As reported in the RYAH Data September Report on Cannabis and Pain, THC is the biggest influence over pain relief, and CBD has little impact. However, digging into the information paints a different picture. For inflammatory and autoimmune conditions like arthritis, CBD makes the most significant impact on symptom relief.
Again, this is pulled from patient reports within RYAH Data, and there is still a need for the long-term and well-controlled clinical studies on cannabinoid effectiveness.

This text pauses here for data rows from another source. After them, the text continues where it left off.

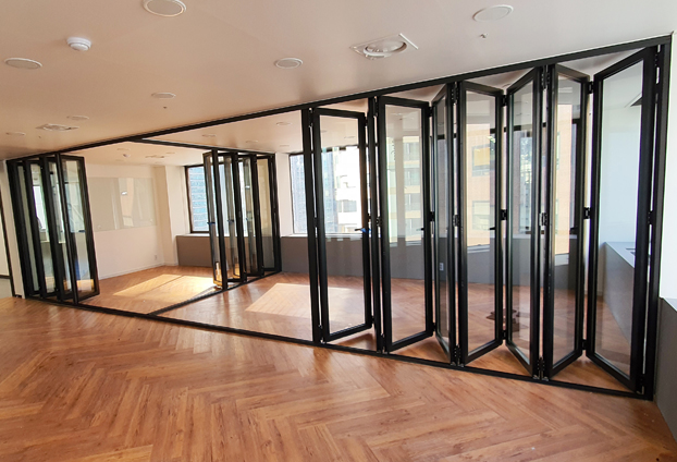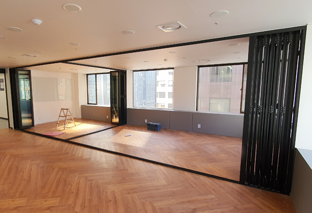 넓은 한공간으로 된 층에 회사 사무실이 곧 입주 할 예정입니다. 그리하여 공간을 나누기 위한 목적으로 폴딩도어를 설치하였습니다. 폴딩도어를 설치하여 공간을 나누기도 확장하기도 하여 여러 목적으로 다양하게 사용이 됩니다.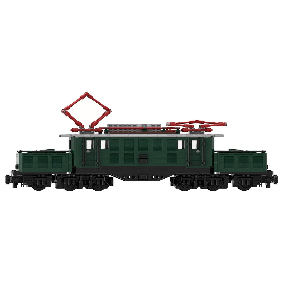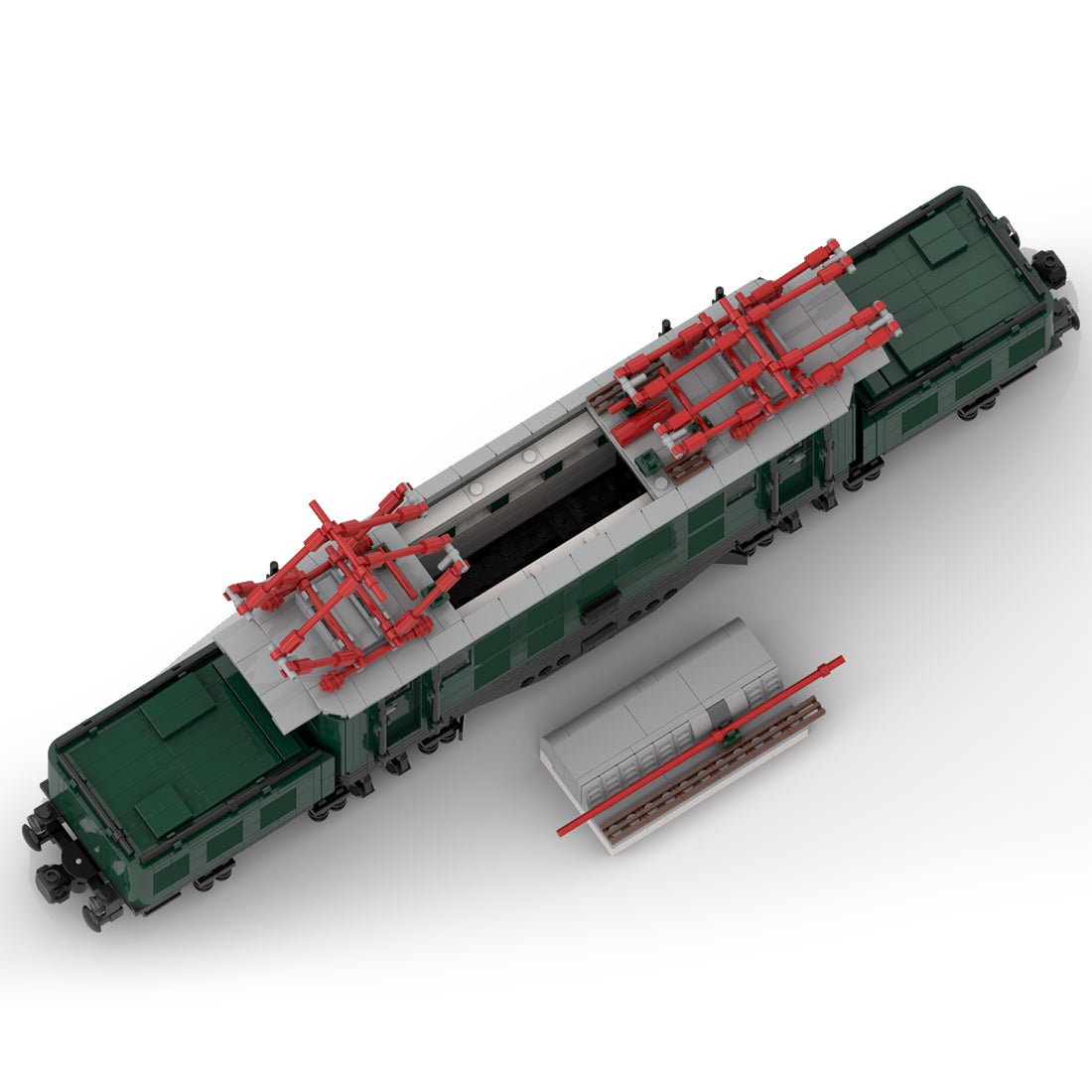 The E 94 series, also known as the "German Crocodile", is a series of six-axle heavy electric locomotives from the Deutsche Reichsbahn-Gesellschaft that were designed for freight train service. They were purchased by the Deutsche Reichsbahn primarily for the electrified low mountain ranges in southern Germany and the mountain routes in Silesia, as well as the Alpine routes added with the "annexation" of Austria to the German Reich. The E94 001 was the first locomotive of the new series, which was completed on April 22, 1940. The classification as a war-critical capital good made it possible to purchase it under duress even during the war. Of the total of 285 machines ordered, only 145 were completed by the end of the war. After the Second World War, most of the locomotives remained with the Deutsche Bundesbahn (DB). Even after the end of the war, locomotives were completed from existing parts and put into service by the DB and the Austrian Federal Railways (ÖBB). Information about the Moc: This Moc is 8 wide and has a length of 57 studs and a height of 13 to 21 studs, depending on how the pantographs are extended. The locomotive can easily be equipped with up to two traction motors. There is enough space inside the locomotive for a battery box and an IR receiver. There is an opening in the base plate through which the cables can be easily laid. Part of the roof can also be removed, making it very easy to access the battery box. The white parts can be replaced with any color as they are not visible from the outside.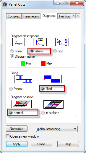 The new window opens and displays the map of displacements for the panel as shown below.

Patients Moving the Needle Forward, With or Without Physician Support
When it comes to the medicinal use of cannabis for inflammatory conditions like arthritis, there are a few trends colliding:
- Arthritis develops between the ages of 30 and 60, with women more than twice as likely as men to develop the disease.
- One of the fastest-growing demographics of medicinal cannabis consumers are those over the age of 55. Another is among women.
- There is growing access to medical cannabis across the country and around the world. Patients are more open than ever before to experimenting with the plant for the treatment of a variety of conditions.
Taken together, these trends suggest that patients with arthritis will be turning to the plant in record numbers over the coming years. Already in Canada, a country with a decades-old medical cannabis program, reports tell us that more than two thirds of the 200,000 registered patients rely on the plant for arthritis.
As always, more research is needed across the board for medicinal use of the plant; however, the future of the plant for the treatment of arthritis seems already laid out.